#### Material for the task:
***

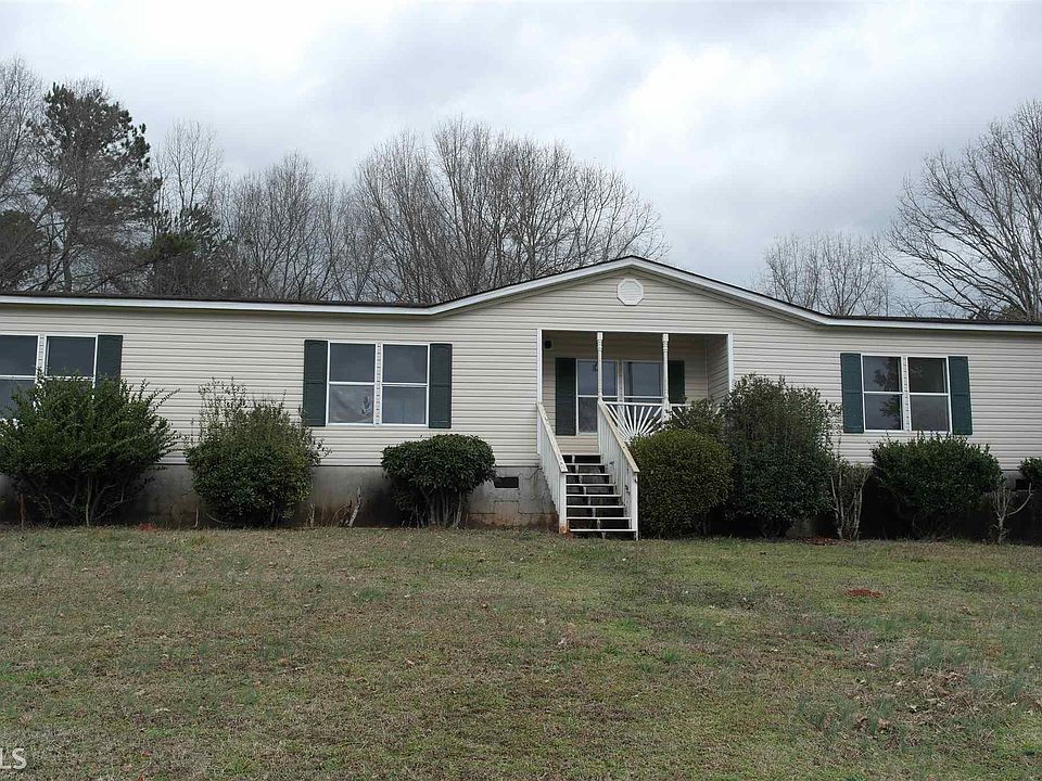 Spacious double wide mobile home on 1.5 acres not in a subdivision! Features include Master on Main with large Master Bath with separate tub/shower and huge walk in closet. Guest bedrooms located on other side with full bathroom. Large Living room with fireplace, open kitchen/breakfast area, laundry/mud room. Carpet and laminate hardwood throughout, installed a year ago. Large back deck, fenced in yard, and outbuilding. Well water. Being sold as-is, no disclosures. Cash or conventional loan only. East Jackson schools.
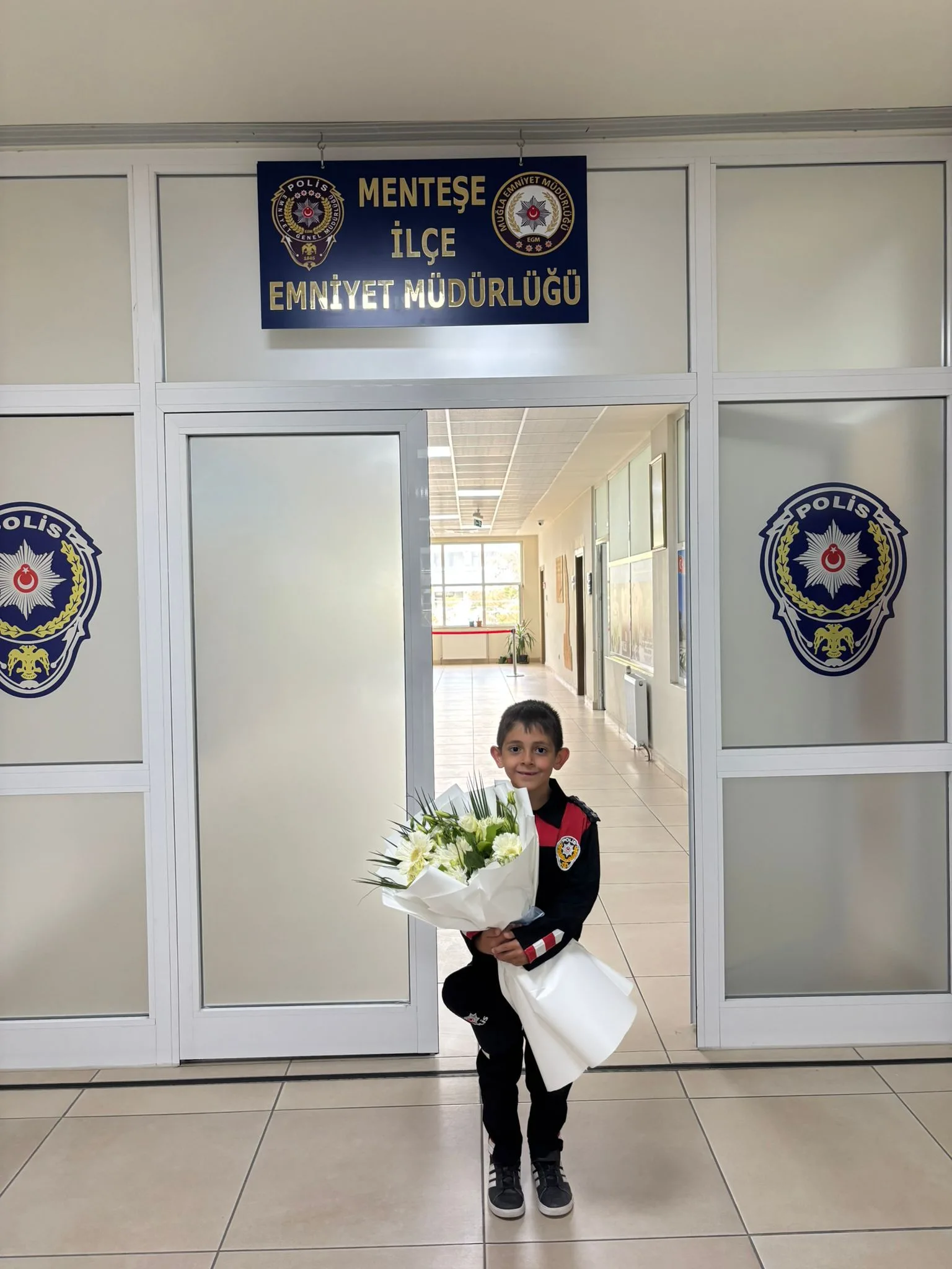 Dumlupınar İlkokulu 1-D sınıfı öğrencisi Arın Taş, Menteşe İlçe Emniyet Müdürlüğü’nde polis kıyafeti giyerek temsili olarak makama oturdu. Küçük öğrenciyi Menteşe İlçe Emniyet personeli Selma Okman karşıladı.
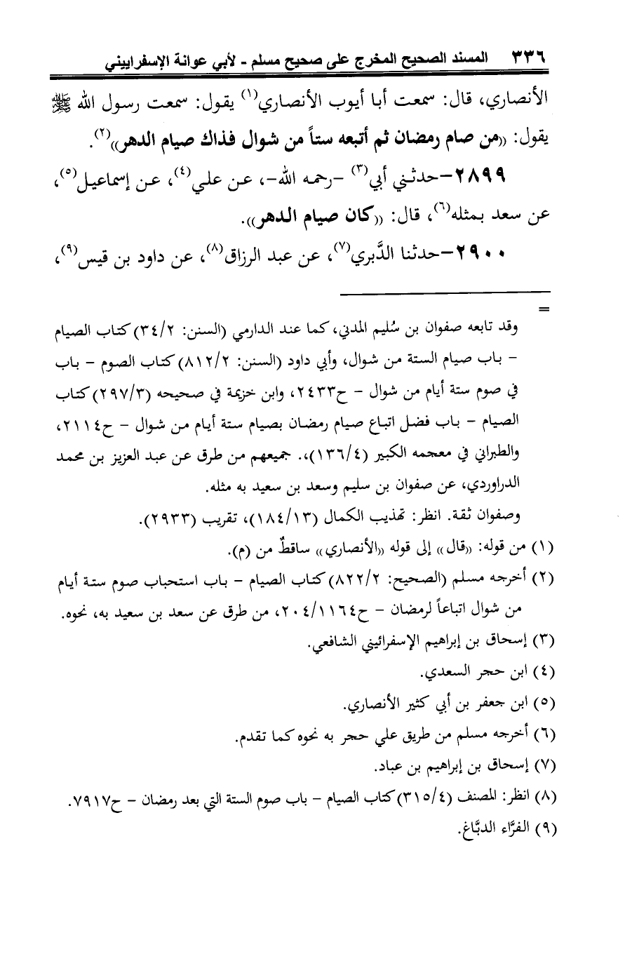 (¬2) انظر: المصنف (4/ 315) كتاب الصيام -باب صوم الستة التي بعد رمضان- ح 7917.
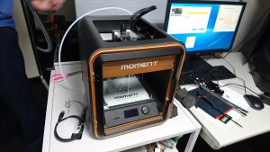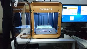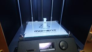 マットブラックとゴールドのボディに高級感が漂います。韓国のMOMENTという会社の「MOMENT S」という3Dプリンターです(Nema 17ステッピングモーター)。
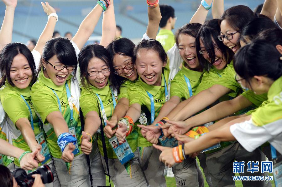Volunteers take group photos in the carnival on Aug. 25, 2014. (Xinhua/Chen Cheng)
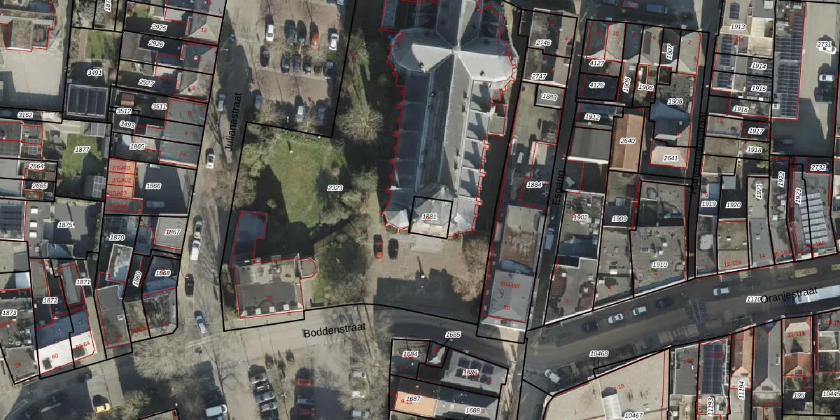 Het perceel waarop Boddenstraat 78 staat heeft een oppervlakte van 86 m². Dit is een klein perceel. De perceeloppervlakte wordt geregistreerd door het Kadaster. Gedetailleerde informatie over de maten van dit perceel kunt u vinden in het rapport Kadastrale kaart met maatvoering van Boddenstraat 78.
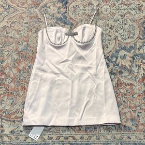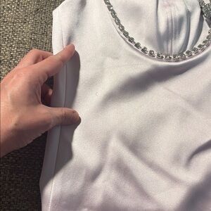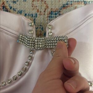 Self Portrait Pink Satin Diamanté Mini Dress size U.S. 6. This dress is new with tags but it does have two things to call out. First, one edge of the bow has come unattached, so you’d need to tack that back. Additionally, there is a run going down one side. Price reflects. Otherwise new with tags and from a smoke-free home.
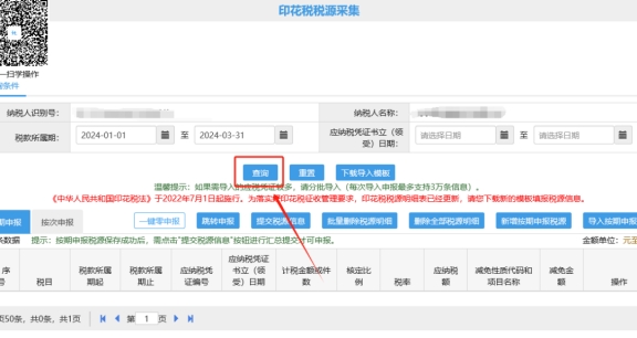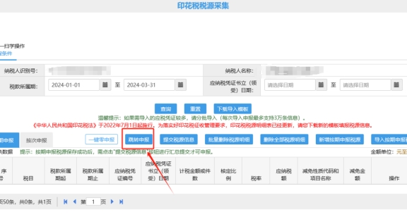 若您未进行印花税按期税源采集,请在【财产和行为税纳税申报】界面点击【印花税】后端的税源采集,点击【新增按期申报税源】录入税源信息后点击下方【保存】,调整税款所属期点击【查询】,在税源采集界面查询到已保存的税源信息后,勾选税源信息点击【跳转申报】,在【财产和行为税纳税申报】界面左上角,税款所属期选择自选,输入税款所属期起止时间,点击【查询】,然后勾选印花税点击下方【申报】。
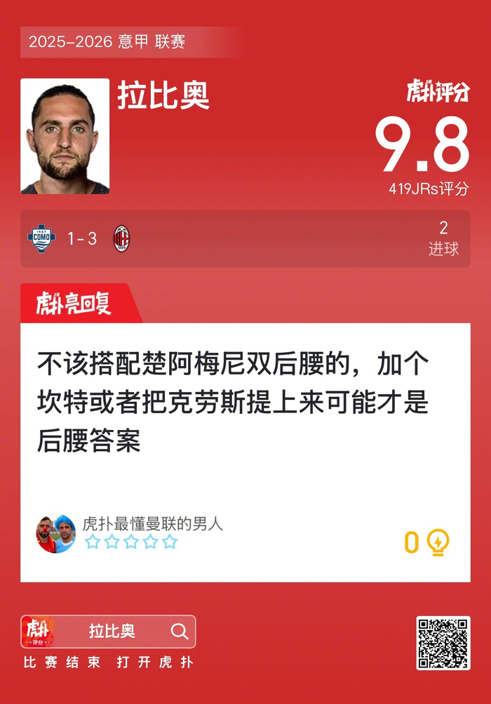 #科莫1比3ac米兰# 拉比奥打进两球,这表现你给几分?
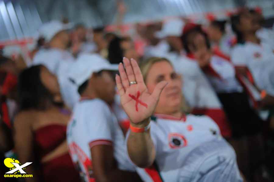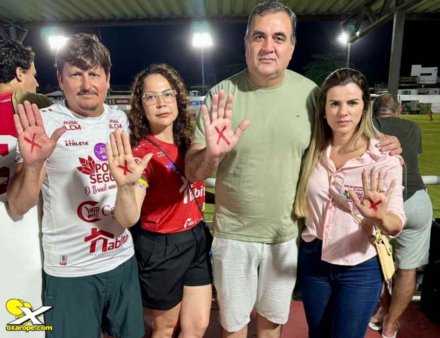 Durante o jogo, foram instaladas faixas, distribuídos adesivos e desenhado o X vermelho na mão dos jogadores, técnicos, torcida, e de algumas autoridades presentes, como o vice-prefeito Paulo Onishi e o secretário de Esportes, Hélio de Paula. “Queremos mostrar que ninguém aguenta mais a violência contra mulher e que todo lugar é lugar pra combater essa violência”, diz a coordenadora do CRAM (Centro de Referência de Atendimento à Mulher), Andrea Comenale.
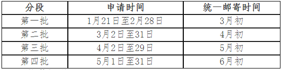 郵寄時間共有四個時間段,每一批申請時間段截止后需暫停1天處理數(shù)據(jù)。證書郵寄時間為截止日之后約5個工作日(節(jié)假日除外)。請認(rèn)真填寫與復(fù)核收件信息,不可在不同時間段重復(fù)申請,系統(tǒng)只默認(rèn)第一次的申請時間段進(jìn)行郵寄,如因個人原因產(chǎn)生退件費用與耽誤收件時間須本人承擔(dān)責(zé)任。

***

#### What this task involves:
All that is needed is an exact copy of the lines from the line with "Dumlupınar İlkokulu 1-D" through the end of the listing, both ends included, with no pictures.

#### Answer for the task:
 Dumlupınar İlkokulu 1-D sınıfı öğrencisi Arın Taş, Menteşe İlçe Emniyet Müdürlüğü’nde polis kıyafeti giyerek temsili olarak makama oturdu. Küçük öğrenciyi Menteşe İlçe Emniyet personeli Selma Okman karşıladı.
 (¬2) انظر: المصنف (4/ 315) كتاب الصيام -باب صوم الستة التي بعد رمضان- ح 7917.
 マットブラックとゴールドのボディに高級感が漂います。韓国のMOMENTという会社の「MOMENT S」という3Dプリンターです(Nema 17ステッピングモーター)。
Volunteers take group photos in the carnival on Aug. 25, 2014. (Xinhua/Chen Cheng)
 Het perceel waarop Boddenstraat 78 staat heeft een oppervlakte van 86 m². Dit is een klein perceel. De perceeloppervlakte wordt geregistreerd door het Kadaster. Gedetailleerde informatie over de maten van dit perceel kunt u vinden in het rapport Kadastrale kaart met maatvoering van Boddenstraat 78.
 Self Portrait Pink Satin Diamanté Mini Dress size U.S. 6. This dress is new with tags but it does have two things to call out. First, one edge of the bow has come unattached, so you’d need to tack that back. Additionally, there is a run going down one side. Price reflects. Otherwise new with tags and from a smoke-free home.
 若您未进行印花税按期税源采集,请在【财产和行为税纳税申报】界面点击【印花税】后端的税源采集,点击【新增按期申报税源】录入税源信息后点击下方【保存】,调整税款所属期点击【查询】,在税源采集界面查询到已保存的税源信息后,勾选税源信息点击【跳转申报】,在【财产和行为税纳税申报】界面左上角,税款所属期选择自选,输入税款所属期起止时间,点击【查询】,然后勾选印花税点击下方【申报】。
 #科莫1比3ac米兰# 拉比奥打进两球,这表现你给几分?
 Durante o jogo, foram instaladas faixas, distribuídos adesivos e desenhado o X vermelho na mão dos jogadores, técnicos, torcida, e de algumas autoridades presentes, como o vice-prefeito Paulo Onishi e o secretário de Esportes, Hélio de Paula. “Queremos mostrar que ninguém aguenta mais a violência contra mulher e que todo lugar é lugar pra combater essa violência”, diz a coordenadora do CRAM (Centro de Referência de Atendimento à Mulher), Andrea Comenale.
 郵寄時間共有四個時間段,每一批申請時間段截止后需暫停1天處理數(shù)據(jù)。證書郵寄時間為截止日之后約5個工作日(節(jié)假日除外)。請認(rèn)真填寫與復(fù)核收件信息,不可在不同時間段重復(fù)申請,系統(tǒng)只默認(rèn)第一次的申請時間段進(jìn)行郵寄,如因個人原因產(chǎn)生退件費用與耽誤收件時間須本人承擔(dān)責(zé)任。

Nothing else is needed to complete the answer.